Fig. 1b - FPKM scatterplots

Female samples.

Filtering strategy:

Fig. 1c - PCA

All samples, same filtering strategy.

Fig. 1d - Venn diagram

Filtered transcripts expressed in LPS-treated female mice compared to saline, additionally filtered to show genes with log2(fold change) >= 1 & adjusted p value < 0.05.

Fig. 1e - lineplots

Log2(fold change) of selected genes.

top.genes.list <- list(
  "3h" = c("Csf3", "Serpina3g", "Oasl1", "Gvin1", "Il6", "Socs3", "Gpr84"),
  "24h" = c("Timp1", "C3", "Lrg1", "C1ra", "Serping1", "Serpina3m", "Fbln5"),
  "72h" = c("Cybb", "Cxcl13", "Ifi207", "Rac2", "Cd55"),
  "All" = c("Cp", "H2-D1", "Gfap", "Trim30a", "Zbp1", "H2-Q6", "Gbp6")
)

top.genes.lfc <- list()
for (timepoint in names(top.genes.list)) {
  gene.set <- top.genes.list[[timepoint]]
  
  top.genes.3h <- DESeq.result.list[["3h"]][gene.set,]
  top.genes.24h <- DESeq.result.list[["24h"]][gene.set,]
  top.genes.72h <- DESeq.result.list[["72h"]][gene.set,]
  
  rownames(top.genes.3h) <- gene.set
  rownames(top.genes.24h) <- gene.set
  rownames(top.genes.72h) <- gene.set
  
  top.genes.lfc[[timepoint]] <- rbind(
    rownames_to_column(top.genes.3h, "genename") %>% 
      mutate(timepoint = "Saline", log2FoldChange = 0),
    rownames_to_column(top.genes.3h, "genename") %>% mutate(timepoint = "3h"),
    rownames_to_column(top.genes.24h, "genename") %>% mutate(timepoint = "24h"),
    rownames_to_column(top.genes.72h, "genename") %>% mutate(timepoint = "72h")
  ) %>%
    select(genename, log2FoldChange, timepoint) %>%
    mutate(log2FoldChange = replace_na(log2FoldChange, 0))
}

plot.list <- list()
for(plot_name in names(top.genes.lfc)){
  plot.list[[plot_name]] <- ggline(top.genes.lfc[[plot_name]],
       x = "timepoint",
       y = "log2FoldChange",
       color = "genename", point.size  = 1) +
  theme(legend.position = "right") +
  labs(y = "log2 fold (compared to saline)", x = NULL, color = NULL)
}
ggarrange(plotlist = plot.list, labels = names(plot.list), label.x = 0.11)

Fig. 1f - Heatmap

Filtered transcripts expressed in LPS-treated female mice compared to saline, additionally filtered to show genes with log2(fold change) >= 2 & adjusted p value < 0.05.

# HT matrix
zscore<- function(x){
    z<- (x - mean(x)) / sd(x)
    return(z)
}
fpkm.mat.z <- zscore(fpkm.mat.list[["All+male"]])

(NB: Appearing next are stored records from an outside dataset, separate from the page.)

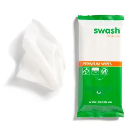 Swash Perineum+ Wipes są wilgotnymi chusteczkami nasączonymi chroniącymi skórę, posiadają bezzapachowy balsam zawierający 3% Dimethicone i hydrożel.
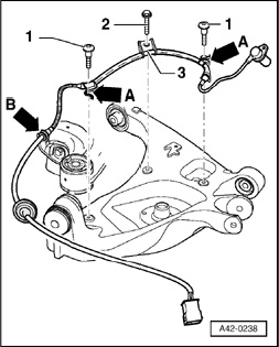 - To remove, unscrew collared bolt - 2 - and carefully detach cable guide at bolts - 1 - arrows A -.
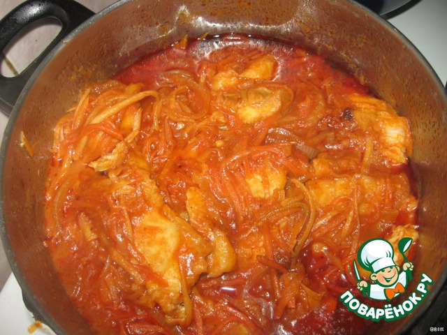 Первым слоем в кастрюльку выкладываем несколько ложек овощной зажарки, потом рыбу - и так слоями, пока все не закончится. последним слоем тоже должны быть овощи.
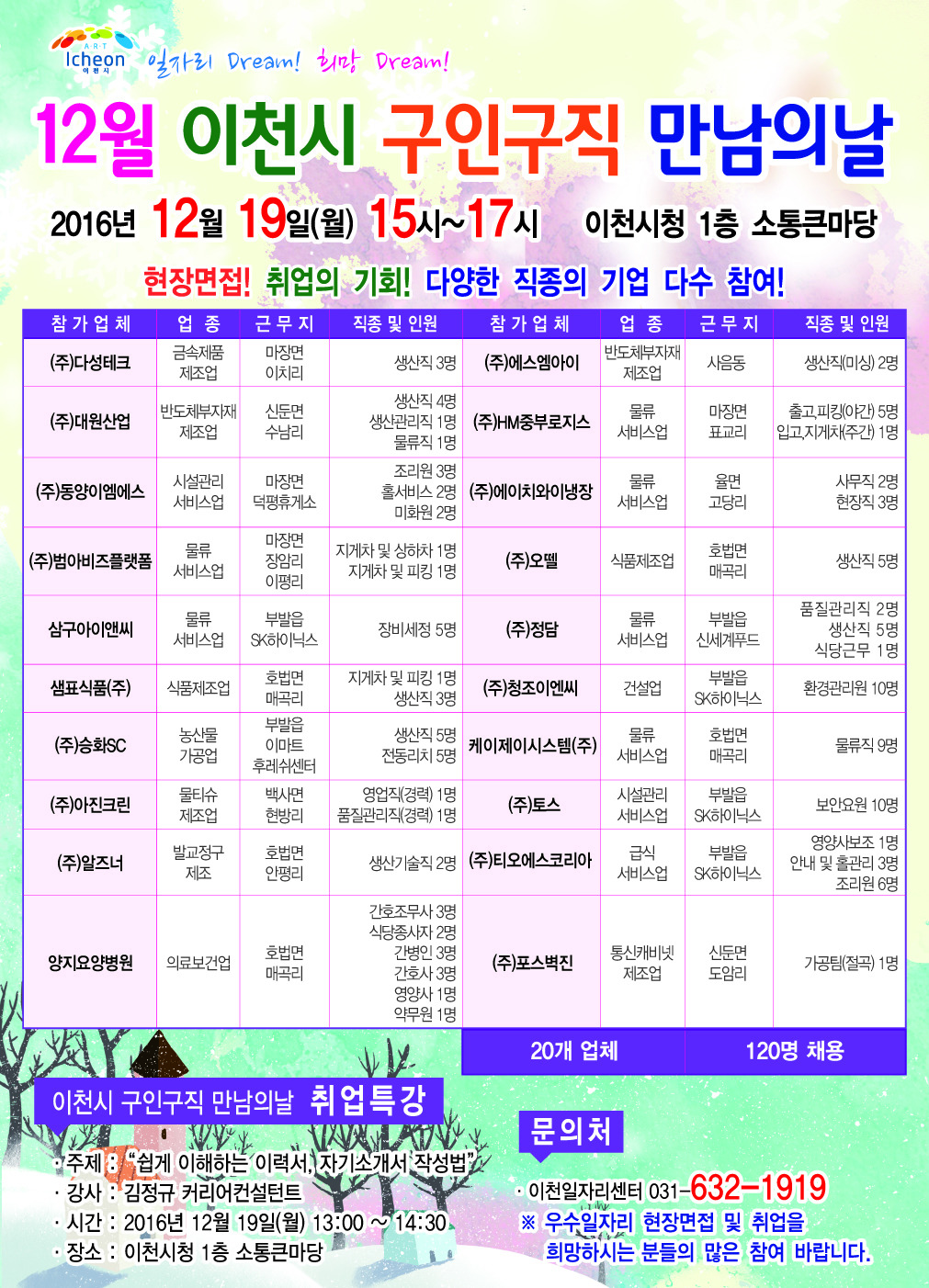 2016년 12월 19일 (월) 구인구직 만남의 날 작성자이천시청 일자리센터|작성시간16.12.02|조회수163 목록 댓글 0 글자크기 작게가 글자크기 크게가 다음검색 현재 게시글 추가 기능 열기 북마크 공유하기 신고 센터로 신고 댓글 댓글 0 댓글쓰기 답글쓰기 댓글 리스트

significant.genes <- DESeq.result.list[["All+male"]] %>% 
  filter(log2FoldChange >= 2 & padj < 0.05) %>% 
  arrange(padj) %>% 
  rownames()
fpkm.mat.sig.z <- fpkm.mat.z[significant.genes, rownames(colData)]

# HT annotation
## Samples
sample.names <- colData[colnames(fpkm.mat.sig.z),] %>%
  mutate(
    sample_names = paste(condition4_treatment, condition3_sex, condition5_time, sep = "_"),
    sample_names = factor(sample_names, levels = unique(sample_names))
  ) %>%
  pull(sample_names) %>%
  str_replace_all(., "_", " ") %>%
  str_replace(., "\\s(\\d+h)", " (\\1)")
sample.colors <- unique(sample.names) %>% length() %>%
  RColorBrewer::brewer.pal(., "Set2")
names(sample.colors) <- unique(sample.names)

## Treatment
treatment.names <-
  colData[colnames(fpkm.mat.sig.z),]$condition4_treatment
treatment.colors <- c("gray20", "gray70")
names(treatment.colors) <- unique(treatment.names)

treatment.groups <- word(colnames(fpkm.mat.sig.z), 2, sep = "_")
treatment.groups <- str_replace(treatment.groups, "Saline", "gray20")
treatment.groups <- str_replace(treatment.groups, "LPS", "gray70")
names(treatment.groups) <- word(colnames(fpkm.mat.sig.z), 2, sep = "_")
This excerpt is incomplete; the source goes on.